# Chauvet 1250 initial observations...



## dqderrick (Oct 15, 2008)

On Monday (10/13), I ordered the Chauvet 1250 from Amazon.com with overnight shipping (I get $3.95 overnight shipping with my Amazon Prime membership.) I got the 1250 and it came in 3 boxes! 1) Amazon box 2) Chauvet white outer box 3) Chauvet inner box with graphics. I currently have a LiteFX 700 watt fogger (about 8 yrs old) and wanted something with less recycle time and more fog creation in general. I'm trying to fill my backyard ground with fog using the Ghosts of Halloween fog chiller. I was very excited at the overall craftsmanship of the Chauvet 1250.

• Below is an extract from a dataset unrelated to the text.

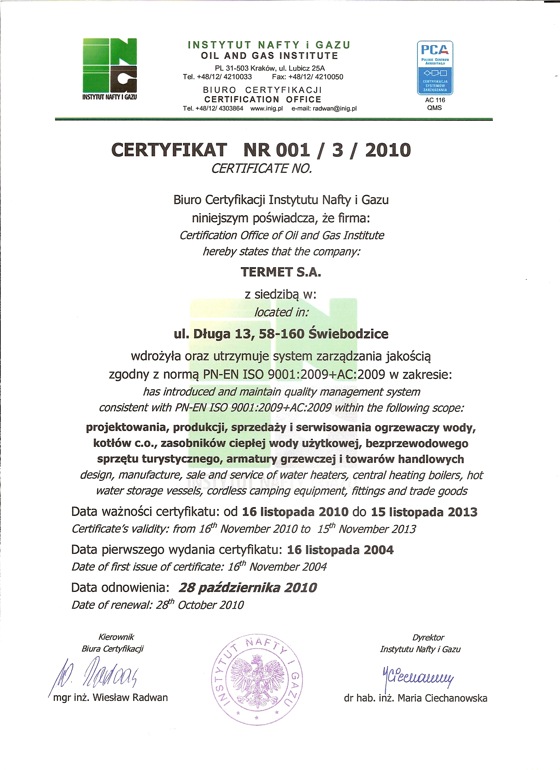 Design, Produktion, Service und Qualitätssicherung der Termet S.A wurden nach PN-EN ISO 9001 - 2009 folgende zertifiziert; erstmals in 2004, zuletzt im Oktober 2010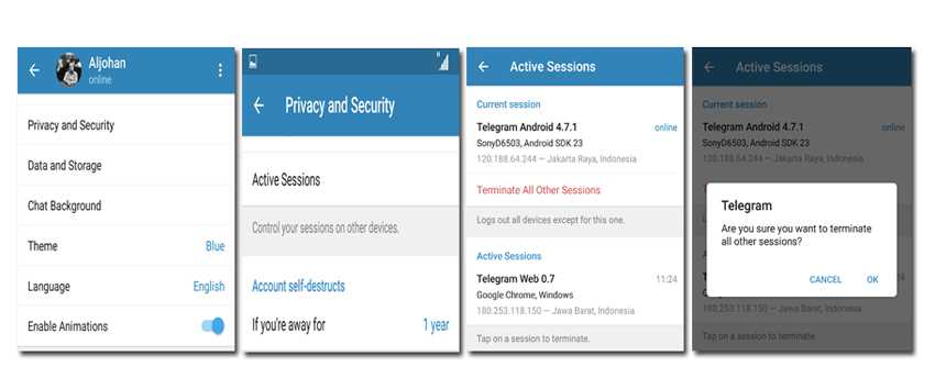 Viewing active sessions in Telegram and then disabling each or some of them is a very useful feature, especially in cases where for some reason you logged into your account from someone else's device.

A month ago, I bought a $20 1-gallon jug of Fitco Fog Juice. The fog juice wasn't a bad deal with my 20% coupon and free shipping deal with a big purchase I made last month. Anyway... I filled the 1250 about 1/3 full and waited for it to heat up... I followed the instructions of priming the pump. Here were my initial observations:


Chauvet 1250 with $20 1-gallon jug of Fitco Fog Juice The initial heat up time seemed longer than I expected. 
The fog was very thin. (I could see through it) 
After priming, the 1250 allowed for about 2.5 sprays using full duration and lowest interval with the timer enabled. 
I was disappointed.

I got my LiteFX 700watt out and ran them side-by-side. The LiteFX sprayed out thick fog that I couldn't see through! What the heck!??!! The 1250 at $150 should be running circles around a $50 (or whatever 700watters cost today) fogger. I decided it could be the cheapo Fitco juice. I dumped it back into the container and got out my ancient 1-gallon container of LiteFX "Premium Professional Fog Juice". I don't think they sell this stuff anymore.

I filled the 1250 with the LiteFX fog juice and after an initial priming saw much improved fog density. I immediately put an order in for Froggys Low Laying fog juice. The LiteFX fog juice and 1250 combo now seemed comparable to my LiteFX 700watt machine. But that doesn't make sense. The 1250 should be blowing the old LiteFX 700 watt out of the water! This ebay auction states the 700watt lite f/x or fog f/x should output 2500 cu.ft./minute. Crap! The 1250 should output 10,000 if operating at spec!

Maybe I just need to break it in or use better fog fluid. I'm tempted to have another one overnight to me for testing but that seems overkill. Thanks for letting me rant.

*Anyone share this obervation that the 1250 doesn't seem to be outputting anywhere near 10,000 cuft/min?*


----------